Le traitement et la torture infligés à ces pieux religieux, qui tenaient avec ténacité aux principes de la foi presbytérienne, par l'Église d'Angleterre, sous le faux manteau de la religion, rempliraient à eux seuls un volume beaucoup plus vaste que celui envisagé. dans ces pages, et la référence est simplement faite pour montrer le caractère sévère et inébranlable d'un peuple qui a été chassé du poste au pilier, et a subi des épreuves et des dégradations presque insupportables, plutôt que de s'écarter d'un principe qu'ils croyaient être les enseignements de la Bible, ainsi que d'avoir l'approbation de leur conscience. Ainsi, il y a plus de deux siècles, nos parents ancestraux ont quitté leurs belles maisons dans leur pays natal, et ont cherché pour la dernière fois sur les épées vertes en pente des collines Grampian et ont fait leurs adieux pour toujours aux tombes de leurs pères et mères, et ont laissé derrière eux tout ce qui leur était proche et cher, tout comme leur belle Écosse, et se mirent en marche vers l'île d'Émeraude, dans le vain espoir que les persécutions et les épreuves qui avaient rendu la vie hideuse jusqu'alors, cesseraient et qu'ils seraient libres de exercer leur foi[,] qui avait été si longtemps le désir de leur conscience. [3] Mais hélas ! pour les attentes humaines. Leur séjour n'est que pour un certain temps, jusqu'à ce que la vaste et accueillante terre de l'autre côté de l'Atlantique leur ordonne de reprendre leur ligne de marche et de planter leurs maisons dans le Nouveau Monde, où ils seraient libres d'adorer Dieu selon les préceptes de leur propre conscience, sans être entravé par l'Église ou l'État. Parmi les nombreuses familles qui ont ainsi émigré d'Ecosse en Irlande et plus tard d'Irlande en Amérique, on peut citer les noms suivants : Forbesses, Stuarts, Hamiltons, Montgomerys, Alexanders, Grahams, Shaws, Moores, Lewises, Pattons, Mathews, Prestons, Baxtons , Lyles, Grigsbys, Crawfords, Comminses, Browns, Wallaces, Wilsons, Caruthers, Campbells, McClungs, McCues, McKees, McCowns, Lockridges, Boyds, Barclays, McDonals et Baileys, décrits comme des « chevaliers et messieurs d'Écosse, dont la prospérité C'étaient des presbytériens irlandais, qui, étant d'origine écossaise, étaient appelés écossais-irlandais.

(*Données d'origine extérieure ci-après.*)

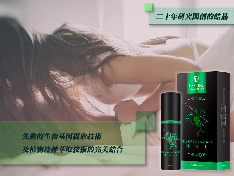 法國綠騎士持久液,針對男性早洩問題而開發的持久產品,性愛時間太短,力不從心草草了事的解決了 讓愛人達不到高潮,綠騎士專為男性設計研發,精選植物精華,吸收快,效果強勁,噴一噴激發性欲,給她愛的時間久一些 也多一些享受,重振男人雄風。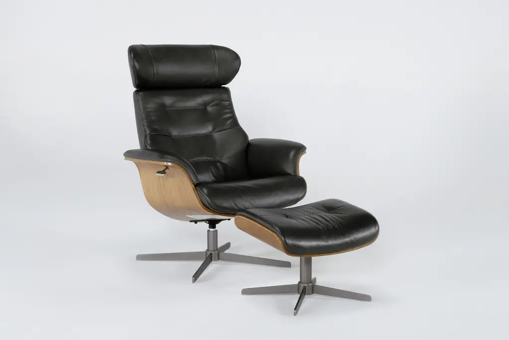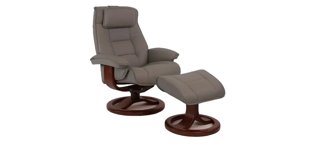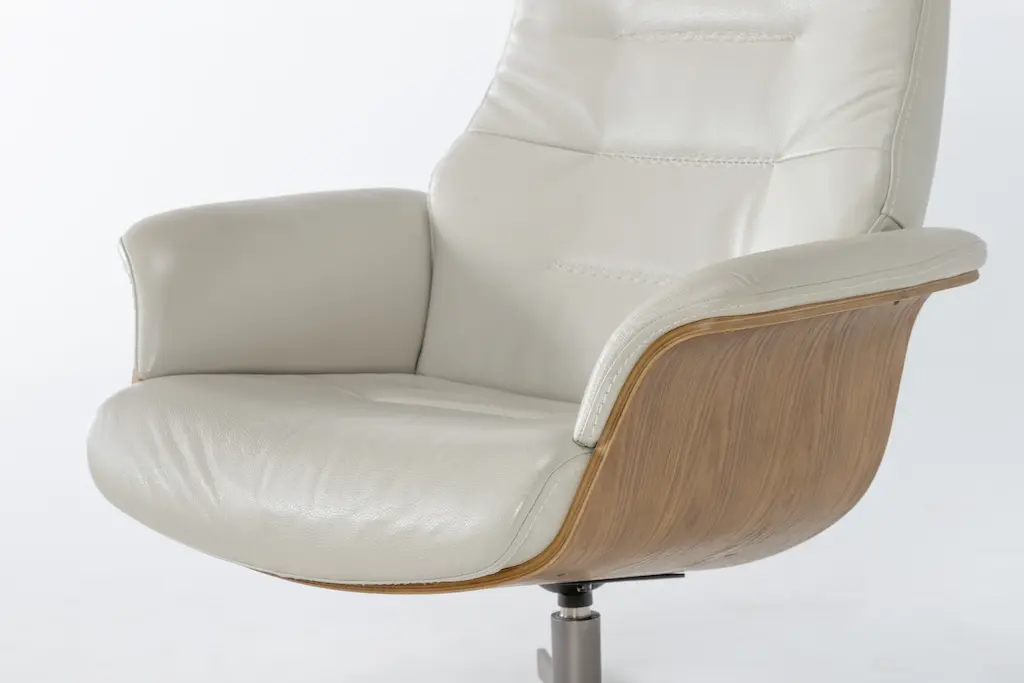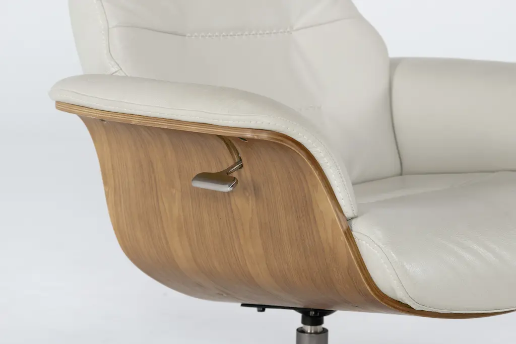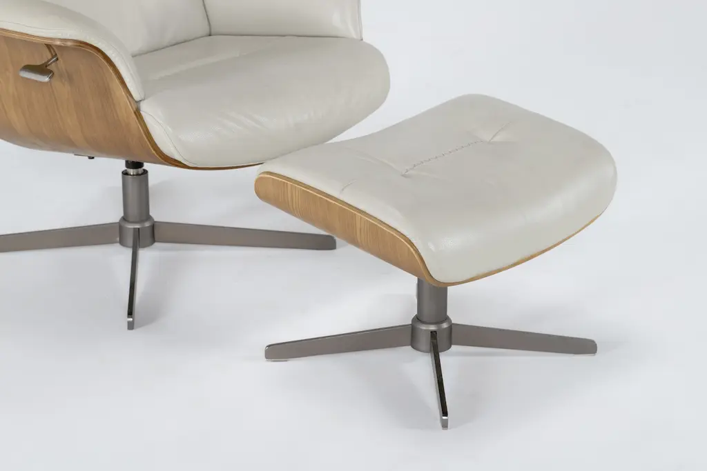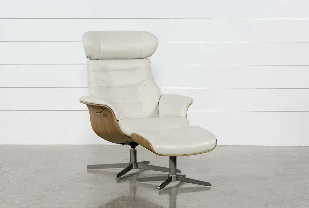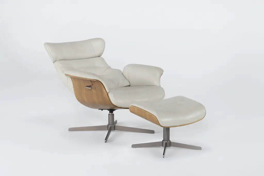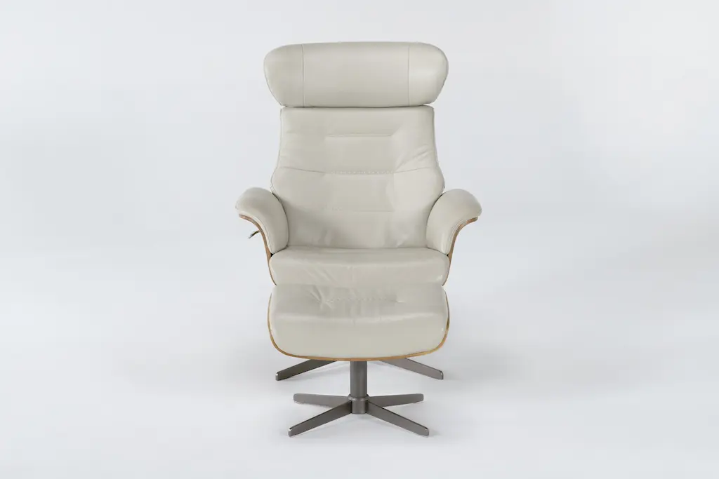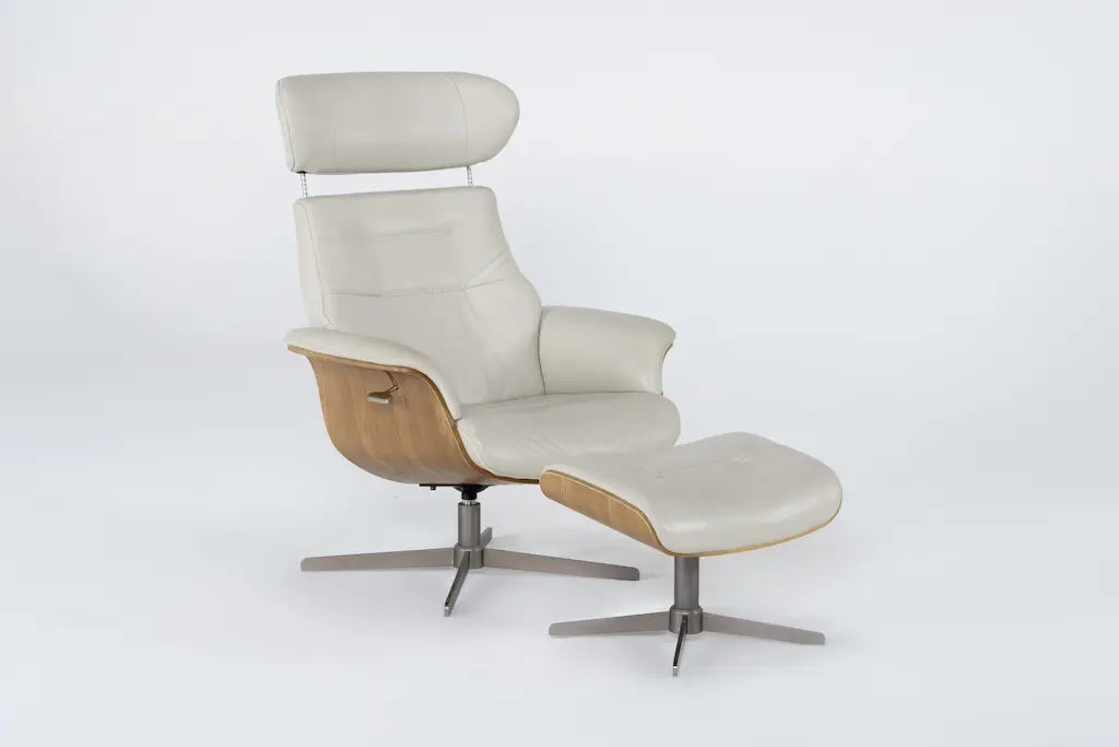 Amala Beige Bone Leather Reclining Swivel Arm Chair With Adjustable Headrest And Ottoman | Solid | Armless | Adjustable Headrests
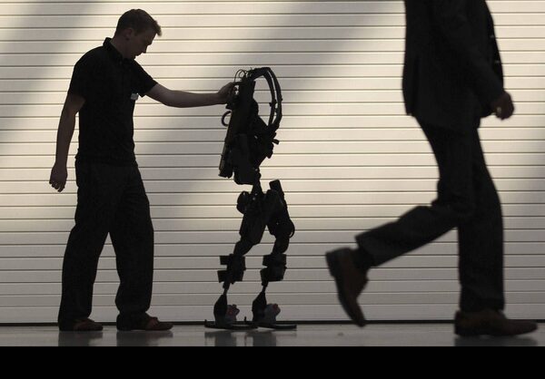 Engineer Thomas Dwyer stands with the new Bionic Exoskeleton as members of the public walk by during its launch at the Excel centre in London, England. The device is designed to aid wheelchair users and those who have suffered from spinal chord injuries to stand and walk.
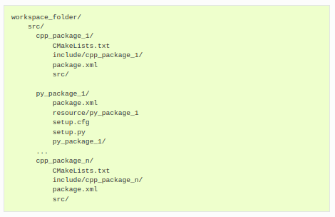 - 하나의 workspace 내에서 서로 다른 빌드 유형(CMake, Python 등)의 패키지를 함께 사용할 수 있다. 하지만 중첩된 패키지는 허용하지 않는다.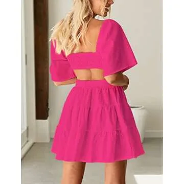 Step into summer with confidence in our Women's Summer Dress featuring a chic square neck design and comfortable fit. Crafted from a blend of 75% polyester, 20% rayon, and 5% spandex, this mini dress offers a soft and lightweight feel, perfect for those warm sunny days or breezy evenings out. The innovative design includes flared short sleeves and a crossover elastic waistband that accentuates your shape beautifully while also allowing flexibility...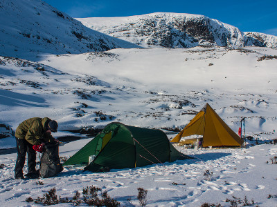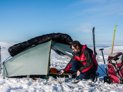 Budget tents, or tents which prioritise lightness over robustness, are best left for the summer months. For winter, a tent should be able to stand up to severe gales, and be proof against any sort of weather, including heavy, drifting snow or torrential, wind-driven rain. If you are already experienced at wild camping in the summer months you may well have an idea of the type of tent you will need; if not, then seek advice before you buy.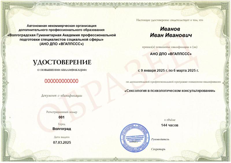 Сексология в психологическом консультировании (144ч)
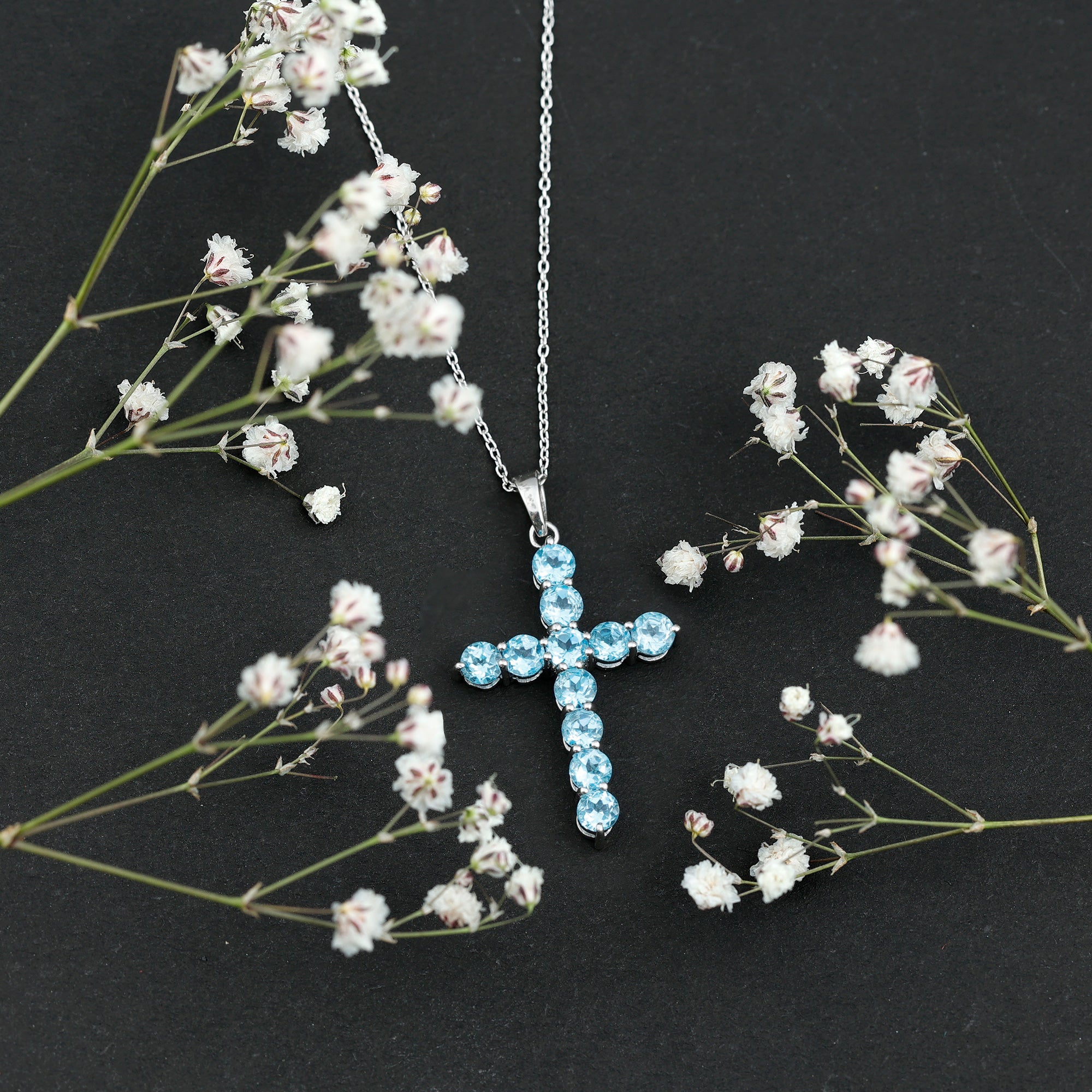 This stunning Cross Necklace is not just a beautiful piece of jewelry, it represents a deep symbol of love and faith. Adorned with round cut AAA quality Swiss blue topaz set in secure prong setting, this Simple Pendant Necklace is ideal for those who cherish spirituality. Crafted with our master artisans unmistakable eye for detail in 14k white gold plated sterling silver, this Christian Pendant ensures that each gemstone radiates its utmost brilliance. The Topaz Pendant Necklace is suspended from a cable chain, enhancing its elegance. To ensure its Quality, it comes with a certificate of authenticity, providing peace of mind.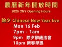 2026除夕 延生普佛 上開年香 「炮竹一聲除舊歲,迎春納福喜洋洋」。新春年節即將來臨,本寺於2026年2月16日啟建除夕辭歲延生普佛法會,祈願大眾平安吉祥,諸事圓滿,社會祥和,經濟穩定,世界和平。歡迎大眾回寺拈香禮佛,同霑法益。 活動日期:2026年2月16日 (星期一) 時 間: 晚9:00 普佛辭歲...[詳全文]地點: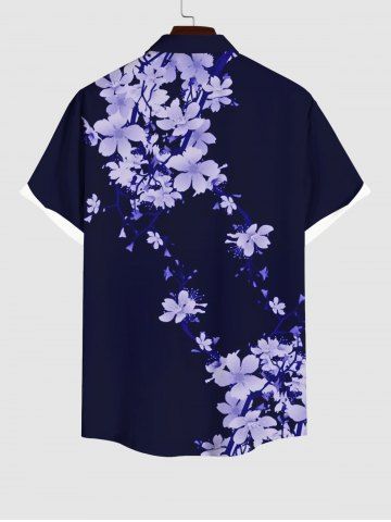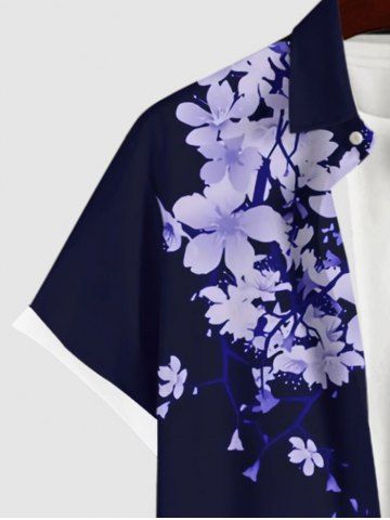 Plus Size Flowers Glitter 3D Print Buttons Pocket Hawaii Shirt For Men - Black - 2xl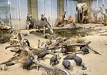 The museum defines its mission as "researching and explaining the diversity of species of Earth". The main exhibition is titled "Unser blauer Planet - Leben im Netzwerk" (Our blue planet - living in a network). It shows complex ecological systems through dioramas of the African Savannah, a tropical rain forests, the polar regions, deserts and Central Europe.[5]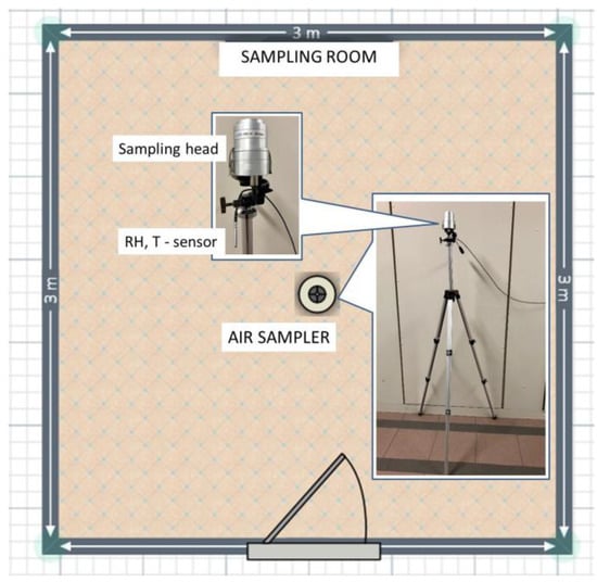 Five filters were preserved as blanks and not subjected to any sampling procedure. They were immediately stored in a closed, sterilized Petri dish after the spotting procedure. For details on the storage, see Section 2.3 The other filters were not preserved before sampling; they were used immediately after the spotting procedure. Six filters were placed in a PM10 sampling device (SILENT Air Sampler, FAI, Rome, Italy) with a nominal flow of 10 l/min for 24 h (active sampling). Four filters were left in an open Petri dish close to the sampling apparatus for the same time period (passive sampling). The active and passive sampling procedures were carried out in a 3 × 3 m room, as shown in Figure 3, in the absence of people. The room was isolated from the general air conditioning system of the academic department hosting the experimentation.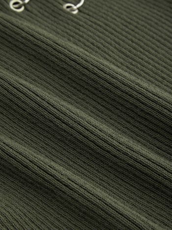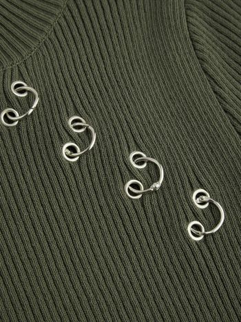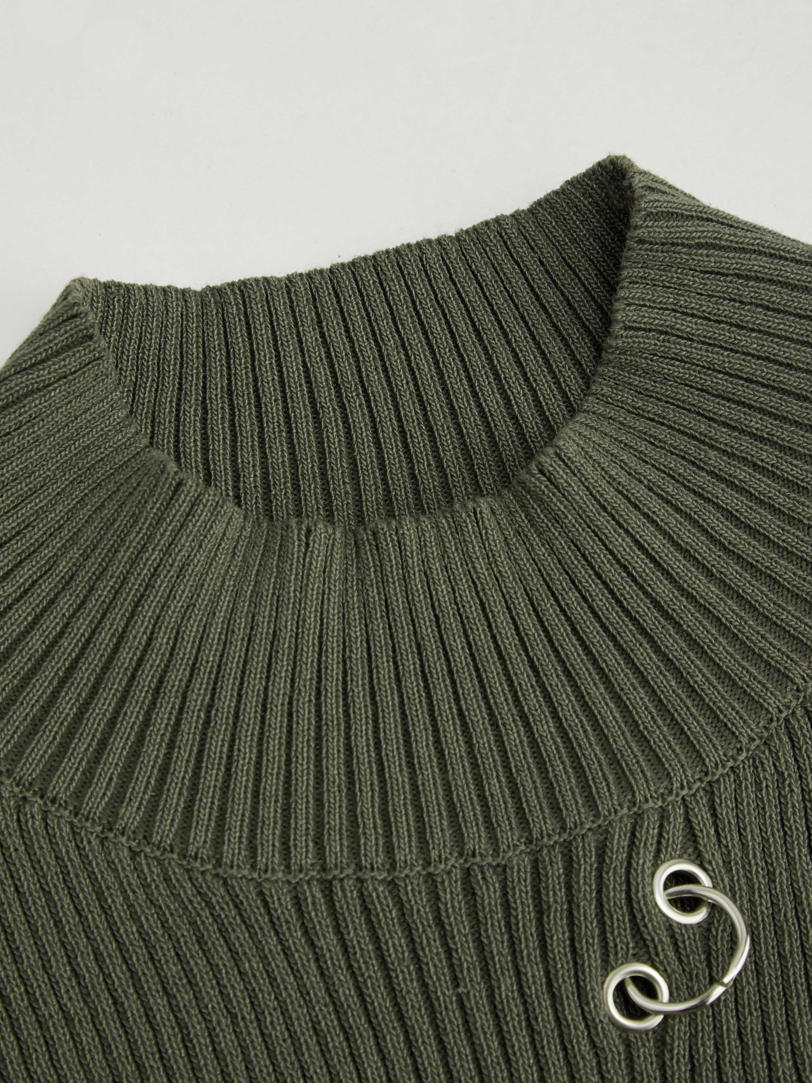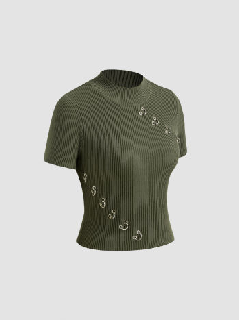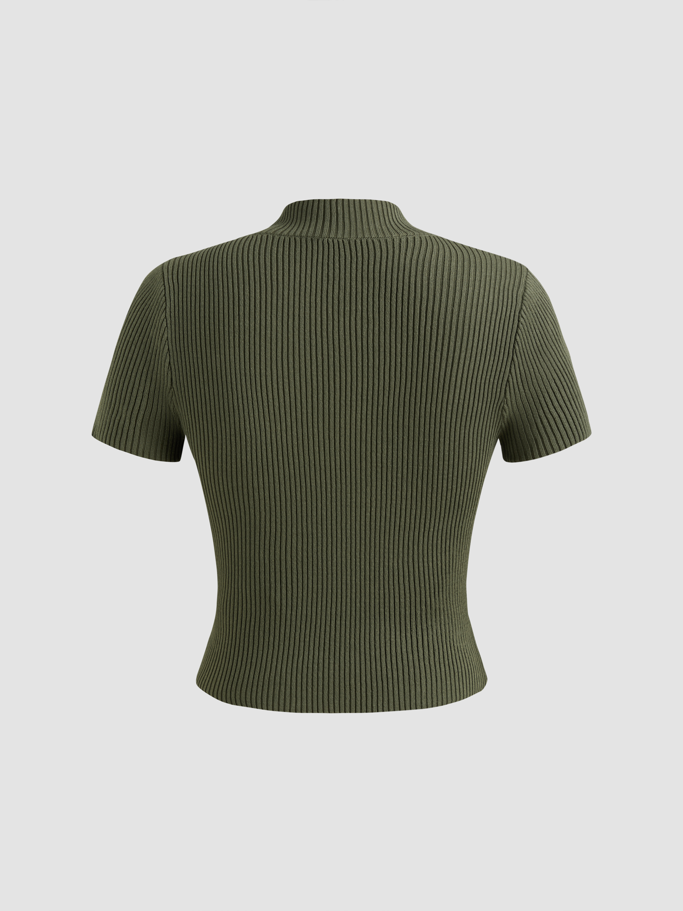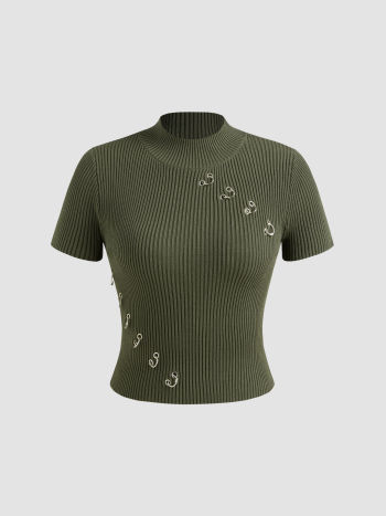 Top a manica corta a collo alto in maglia solida con dettaglio traforato

[4] Ces noms sont aujourd'hui des mots familiers de la maison des noms de notre propre terre et ne sont qu'une répétition, et de la même descendance linéaire de leurs nobles ancêtres, qui, il y a plus de deux siècles se tenait toujours fermement au Magna Charta des droits écossais, et se sont ralliés sous leurs braves bannières, arborant la foi de leur propre credo, dans les fameuses lettres d'or, “For Christ’s Crown and Covenant,” ils ont attendu sans se laisser décourager, la tyrannie de leurs ennemis .

Comme nous l'avons dit, leur séjour en Irlande n'a été que temporaire, comme pour une grande partie de ceux qui y ont émigré. Bien sûr, beaucoup entravés par la pauvreté et d'autres causes sans aucun doute, en ont fait leur domicile permanent.

Le soulagement qu'ils cherchaient, ils ne l'ont trouvé que temporaire dans leurs nouvelles maisons trouvées en Irlande. Sous le règne des rois tyrans, leurs souffrances et leurs châtiments n'étaient supportables que pour leurs contrastes avec leurs souffrances antérieures. Les dîmes et les impôts exigés de leurs propriétés en ruine pour soutenir une église, non de leur propre choix, empêchés [5] de parler de leurs propres opinions vivant dans un pays étranger vivant parmi les ennemis de leur foi, tous combinés pour en faire un peuple malheureux et agité. Désireux de nouvelles maisons, les murmures silencieux ont traversé l'océan que le Mayflower, des années auparavant, avait débarqué d'autres, persécutés comme eux, en toute sécurité de l'autre côté des eaux bleues. Cela leur a donné de l'espoir. “Car toi, ô Dieu, tu nous as éprouvés, et tu nous as éprouvés comme l'argent est éprouvé, tu nous as mis dans le filet, tu as mis nos reins dans les afflictions, tu as fait chevaucher des hommes sur nos têtes, nous sommes passés par le feu et par l'eau mais bien que nous ayons fait sortir dans un endroit riche. & Rassemblant le peu de biens mondains qu'ils possédaient, qui étaient très maigres, et souvent rien, sauf leur Bible. Ils s'embarquèrent pour le Nouveau Monde, débarquant sur les rives du Deleware, [sic] et beaucoup se reposèrent pendant une saison dans le pays de Pennsylvanie.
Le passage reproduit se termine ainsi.